All the CAZyme prediction tools can predict that there are multiple CAZyme domains within a CAZyme. Each CAZyme domain is identified as a unique CAZy family that the CAZyme prediction tool has annotated the query protein with. For example, if the CAZyme prediction tool CUPP predicts the query protein A is annotated with the CAZy families GH15 and CBM32, this is interpretted that CUPP predicts protein A contains two CAZyme domains, one belong to the GH15 and the other to CBM32. This decision has been made becuase Hotpep, CUPP and eCAMI predict specific EC number predictions for each of the CAZy family annotations that they predict for a given CAZy family (or CAZyme domain). Additionally, HMMER, Hotpep and CUPP predict different domain ranges for each of the CAZy family annotations they predict for a protein. For example, CUPP may predict a domain range of 5-225 for GH15 and 275-389 for CBM32.

Each predicted CAZyme domain will be represented by a `CazymeDomain` class instance. Every `CazymeDomain` instance will have a:
- `protein_accession` (str), the protein accession of the protein in which they are contained
- `cazy_family` (str), the name of the CAZy family
- `cazy_subfamily` (str), the name of the CAZy subfamily, if given, else the `cazy_subfamily` value will be set as a null value.

Each unique `CazymeDomain` instance will be identfiable by its unique `cazy_family`-`cazy_subfamily` combination.

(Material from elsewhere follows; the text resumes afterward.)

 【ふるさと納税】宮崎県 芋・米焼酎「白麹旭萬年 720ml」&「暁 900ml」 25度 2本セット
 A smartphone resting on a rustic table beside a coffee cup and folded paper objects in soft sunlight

In addition, the `CazymeDomain` class has the attributes:
- `ec_numbers` a list of strings, with each string containing a unique EC number
- `domain_range`, a list of strings, with each stirng containing a unique domain range
The `domain_range` attribute is set as a string    

Both `ec_numbers` and `domain_ranges` are stored as lists becuase multiple EC numbers and domain ranges can be predicted for a single domain. Arguably, if a CAZy family is listed twice for a query protein, each with different domain ranges could indicate potentially different domains belonging to the same family. However, becuase the accuracy of domain range prediction has not been evaluated so it could be it is the same domain but the prediction tool has only identified two regions of it, and these two regions could still make a single CAZyme domain.

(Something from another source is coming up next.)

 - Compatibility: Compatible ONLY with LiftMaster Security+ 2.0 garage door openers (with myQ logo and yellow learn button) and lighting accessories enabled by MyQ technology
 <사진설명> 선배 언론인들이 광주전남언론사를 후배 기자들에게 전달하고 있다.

If a CAZyme prediction tool does not predict EC numbers or domain range, these will be set to equal a null value in a list. This allows additional EC numbers or domain ranges to be added to the list of the CAZyme domain is listed again with a predicted EC number or domain range.

In [1]:
class CazymeDomain:
    """Single CAZyme domain in a protein, predicted by a CAZyme prediction tool.
    
    Each unique predicted CAZy family-subfamily combination by a CAZyme prediction
    tool for a query protein sequence is viewed as a CAZyme domain.]
    
    Every CAZyme domain has a source CAZyme prediction tool that predicted the CAZyme
    domain, a parent CAZyme protein (represented by the protein accession), and CAZy
    family and subfamily combination. If no CAZy subfamily is predicted, the 
    subfamily will be listed as a null value.

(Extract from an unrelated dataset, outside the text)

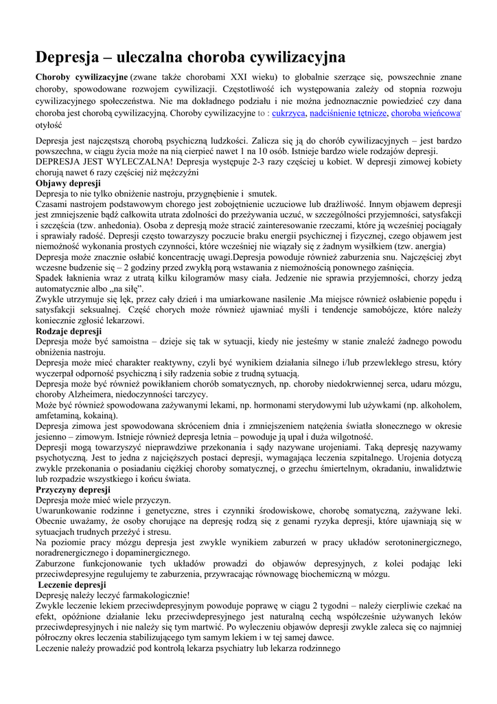 Depresja – uleczalna choroba cywilizacyjna Choroby cywilizacyjne (zwane także chorobami XXI wieku) to globalnie szerzące się, powszechnie znane choroby, spowodowane rozwojem cywilizacji. Częstotliwość ich występowania zależy od stopnia rozwoju cywilizacyjnego społeczeństwa. Nie ma dokładnego podziału i nie można jednoznacznie powiedzieć czy dana choroba jest chorobą cywilizacyjną. Choroby cywilizacyjne to : cukrzyca, nadciśnienie tętnicze, choroba wieńcowa, otyłość Depresja jest najczęstszą chorobą psychiczną ludzkości. Zalicza się ją do chorób cywilizacyjnych – jest bardzo powszechna, w ciągu życia może na nią cierpieć nawet 1 na 10 osób. Istnieje bardzo wiele rodzajów depresji. DEPRESJA JEST WYLECZALNA! Depresja występuje 2-3 razy częściej u kobiet. W depresji zimowej kobiety chorują nawet 6 razy częściej niż mężczyźni Objawy depresji Depresja to nie tylko obniżenie nastroju, przygnębienie i smutek. Czasami nastrojem podstawowym chorego jest zobojętnienie uczuciowe lub drażliwość. Innym objawem depresji jest zmniejszenie bądź całkowita utrata zdolności do przeżywania uczuć, w szczególności przyjemności, satysfakcji i szczęścia (tzw. anhedonia). Osoba z depresją może stracić zainteresowanie rzeczami, które ją wcześniej pociągały i sprawiały radość. Depresji często towarzyszy poczucie braku energii psychicznej i fizycznej, czego objawem jest niemożność wykonania prostych czynności, które wcześniej nie wiązały się z żadnym wysiłkiem (tzw. anergia) Depresja może znacznie osłabić koncentrację uwagi.Depresja powoduje również zaburzenia snu. Najczęściej zbyt wczesne budzenie się – 2 godziny przed zwykłą porą wstawania z niemożnością ponownego zaśnięcia. Spadek łaknienia wraz z utratą kilku kilogramów masy ciała. Jedzenie nie sprawia przyjemności, chorzy jedzą automatycznie albo „na siłę”. Zwykle utrzymuje się lęk, przez cały dzień i ma umiarkowane nasilenie .Ma miejsce również osłabienie popędu i satysfakcji seksualnej. Część chorych może również ujawniać myśli i tendencje samobójcze, które należy koniecznie zgłosić lekarzowi. Rodzaje depresji Depresja może być samoistna – dzieje się tak w sytuacji, kiedy nie jesteśmy w stanie znaleźć żadnego powodu obniżenia nastroju. Depresja może mieć charakter reaktywny, czyli być wynikiem działania silnego i/lub przewlekłego stresu, który wyczerpał odporność psychiczną i siły radzenia sobie z trudną sytuacją. Depresja może być również powikłaniem chorób somatycznych, np. choroby niedokrwiennej serca, udaru mózgu, choroby Alzheimera, niedoczynności tarczycy. Może być również spowodowana zażywanymi lekami, np. hormonami sterydowymi lub używkami (np. alkoholem, amfetaminą, kokainą). Depresja zimowa jest spowodowana skróceniem dnia i zmniejszeniem natężenia światła słonecznego w okresie jesienno – zimowym. Istnieje również depresja letnia – powoduje ją upał i duża wilgotność. Depresji mogą towarzyszyć nieprawdziwe przekonania i sądy nazywane urojeniami. Taką depresję nazywamy psychotyczną. Jest to jedna z najcięższych postaci depresji, wymagająca leczenia szpitalnego. Urojenia dotyczą zwykle przekonania o posiadaniu ciężkiej choroby somatycznej, o grzechu śmiertelnym, okradaniu, inwalidztwie lub rozpadzie wszystkiego i końcu świata. Przyczyny depresji Depresja może mieć wiele przyczyn. Uwarunkowanie rodzinne i genetyczne, stres i czynniki środowiskowe, chorobę somatyczną, zażywane leki. Obecnie uważamy, że osoby chorujące na depresję rodzą się z genami ryzyka depresji, które ujawniają się w sytuacjach trudnych przeżyć i stresu. Na poziomie pracy mózgu depresja jest zwykle wynikiem zaburzeń w pracy układów serotoninergicznego, noradrenergicznego i dopaminergicznego. Zaburzone funkcjonowanie tych układów prowadzi do objawów depresyjnych, z kolei podając leki przeciwdepresyjne regulujemy te zaburzenia, przywracając równowagę biochemiczną w mózgu. Leczenie depresji Depresję należy leczyć farmakologicznie! Zwykle leczenie lekiem przeciwdepresyjnym powoduje poprawę w ciągu 2 tygodni – należy cierpliwie czekać na efekt, opóźnione działanie leku przeciwdepresyjnego jest naturalną cechą współcześnie używanych leków przeciwdepresyjnych i nie należy się tym martwić. Po wyleczeniu objawów depresji zwykle zaleca się co najmniej półroczny okres leczenia stabilizującego tym samym lekiem i w tej samej dawce. Leczenie należy prowadzić pod kontrolą lekarza psychiatry lub lekarza rodzinnego Najczęstszą przyczyną niepowodzeń w leczeniu depresji jest przerywanie leczenia bez konsultacji z lekarzem. Przerwanie leczenia farmakologicznego może spowodować nawrót wszystkich objawów depresji! Z tego powodu należy bezwzględnie przestrzegać zaleceń lekarza i nie zmieniać sposobu dawkowania bez rozmowy z lekarzem prowadzącym. Należy mieć świadomość, że powrót do tego samego leku, który wcześniej powodował poprawę może być związany z gorszą odpowiedzią i wytworzeniem się oporności na leczenie. Poprawę w leczeniu depresji oprócz leczenia lekami przeciwdepresyjnymi może przynieść również stosowanie dodatkowo psychoterapii.

    Hotpep, CUPP and eCAMI predict EC numbers for each CAZyme domain. HMMER and CUPP
    predict amino acid domain ranges. Multiple EC numbers and domain ranges can be
    predicted for a single CAZyme domain, therefore, these attritbutes are stored as
    lists.
    
    If an item of data is not or was not predicted by a CAZyme prediction tool, the
    respective data will be stored as a null value.
    """
    
    def __init__(
        self,
        prediction_tool,
        protein_accession,
        cazy_family,
        cazy_subfamily=None,
        ec_numbers=None,
        domain_range=None,
    ):
        """Initiate instance
        
        :attr prediction_tool: str, CAZyme prediciton tool which predicted the domain
        :attr protein_accession: str
        :attr cazy_family: str
        :attr cazy_subfamily: str
        :attr ec_numbers: list (list of str, each str contains a unique EC number)
        :attr domain_range: list (list of str, each str contains a unique domain range)
        """
        self.prediction_tool = prediction_tool
        self.protein_accession = protein_accession
        self.cazy_family = cazy_family
        
        # not all CAZyme domans are catalogued under a CAZy subfamily
        if cazy_subfamily is None:
            self.cazy_subfamiy = np.nan
        else:
            self.cazy_subfamily = cazy_subfamily
        
        # EC numbers are not predicted for all CAZyme domains
        if ec_numbers is None:
            self.ec_numbers = []  # enables adding in EC numbers included in another line of the output file
        else:
            self.ec_numbers = ec_numbers
        
        # Not all prediction tools predict CAZyme domains
        if domain_range is None:
            self.domain_range = []  # enables adding domain range listed in another line of the ouput file
        else:
            self.domain_range = domain_range
    
    def __str__(self):
        return f"-CazymeDomain in {self.protein_accession}, fam={self.cazy_family}, subfam={self.cazy_subfamily}-"
    
    def __repr__(self):
        return f"<CazymeDomain parent={self.protein_accession} fam={self.cazy_family}, subfam={self.cazy_subfamily}>"

    
class CazymeProteinPrediction:
    """Single protein and CAZyme/non-CAZyme prediction by a CAZyme prediction tool"""
    
    def __init__(self, prediction_tool, protein_accession, cazyme_classification, cazyme_domains=None):
        """Initate class instance.
        
        :attr prediction_tool: str, name of CAZyme prediction tool
        :attr protein_accession: str
        :attr cazyme_classification: int, 1=CAZyme, 0=non-CAZyme
        :attr cazyme_domains: list of CazymeDomain instances, domain predicted to be in the CAZyme
        """
        self.prediction_tool = prediction_tool
        self.protein_accession = protein_accession
        self.cazyme_classification = cazyme_classification  # CAZyme=1, non-CAZyme=0
        
        # non-CAZymes will have no cazyme_domains
        if cazyme_domains is None:
            self.cazyme_domains = None
        else:
            self.cazyme_domains = cazyme_domains
    
    def __str__(self):
        if self.cazyme_classification == 0:
            return f"-CazymeProteinPrediction, protein={self.protein_accession}, non-CAZyme-"
        else:
            return f"-CazymeProteinPrediction, protein={self.protein_accession}, CAZyme domains={len(self.cazyme_domains)}-"
    
    def __repr__(self):
        return f"<CazymeProteinPrediction, protein={self.protein_accession}>"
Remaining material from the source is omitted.